Tag Archives: population genetics

Population genetics and the making of genetic belonging

Genetic roots are not discovered, they are made. This is the central argument of my book Population Genetics and Belonging, recently published by Palgrave Macmillan. The book is the final outcome of my postdoc project (2011-2016), funded by the Academy of Finland and Kone Foundation, which set out to explore how population genetics has changed ideas of nation, national origins and destinies, and structures of belonging. I had the privilege to finish the book in the interdisciplinary research community of the Helsinki Collegium for Advanced Studies.

Population geneticists study genetic differences within and between populations. Such differences are often invisible, that is, they are molecular variation that doesn’t direct visible physiological characteristics. My project started with a simple observation: population genetics has refashioned the relations between populations in ways that don’t match the idea of nations as clearly defined entities – patterns of genetic variation don’t follow national borders. Yet the ways in which population genetics reached into the past beyond the historical roots of nation-states clearly appealed to those wishing to imagine nations as foundational units of social existence. Understanding this contradiction was the initial motivation for my project: How do national narratives establish nations as rooted in foundational moments of human evolutionary history without ending up dismissing the nation as a recent historical development?

In the course of the project, and through various intellectual detours and dead ends, this question began to take a new shape. While population genetics indeed provided a narrative resource for national imaginaries (which structure enterprises such as national genomic initiatives), it also acted as an important narrative resource for other forms of belonging, such as regional, continental, ethnic and personal belonging.

My book explores tensions and resonances between these alternative forms of belonging. It argues that what makes population genetics appealing is precisely the ambiguity of genetic belonging. This ambiguity arises from the relationality of population genetic knowledge. In population genetics, sameness and difference are not fixed. Sameness and difference are produced through technological choices (such as the use of mitochondrial, Y-chromosome or genome-wide techniques), methodological decisions (such as genetic markers chosen for analysis), and points of comparison (such as genetic databases or cell lines available for analysis).
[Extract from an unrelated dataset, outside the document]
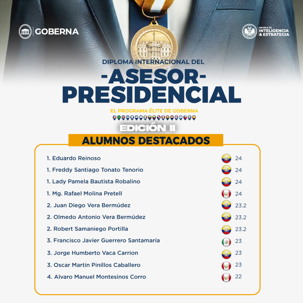 Felicitamos a los graduados de este diplomado único, quienes destacaron por su capacidad estratégica, discreción y dominio técnico en los entornos más exigentes del poder. Sus habilidades, preparación y compromiso redefinen el estándar de excelencia para quienes asesoran en la cúpula ejecutiva.

Population Genetics and Belonging traces how this relationality enables population genetics to become entangled with discourses and practices of national, regional, ethnic and personal belonging from the late 1980s until today. The book focuses on selected case studies, including the theory of Mitochondrial Eve (the most recent common maternal ancestor) in the late 1980s and Y-Chromosome Adam (the most recent common paternal ancestor) in the mid-1990s; the use of DNA analysis in the study of two ancient human remains known as Kennewick Man and Cheddar Man; the ontological multiplicity of roots in commercial genetic ancestry tests; tensions between national and continental genetic belonging in the case of “Finnish genes”; and the uses of genetic ancestry in debates about immigration in contemporary societies. Throughout the book, I argue that the alternative forms of belonging that population genetics has engendered are entangled with ideas of gender, sexuality, race and class, and that the affective structures of genetic belonging reflect those intersecting differences.

I hope that the book helps us make some sense of the complex political, social and cultural implications of population genetic knowledges in contemporary societies.

Link to the book: http://www.palgrave.com/gp/book/9783319628806

 

Venla Oikkonen

 

Venla Oikkonen (PhD in Gender Studies, 2010) is Research Fellow at the Helsinki Collegium for Advanced Studies. Her research interests include evolution, genetics, vaccine debates, epidemics, affect and intersectionality. Her first book Gender, Sexuality and Reproduction in Evolutionary Narratives was published by Routledge in 2013.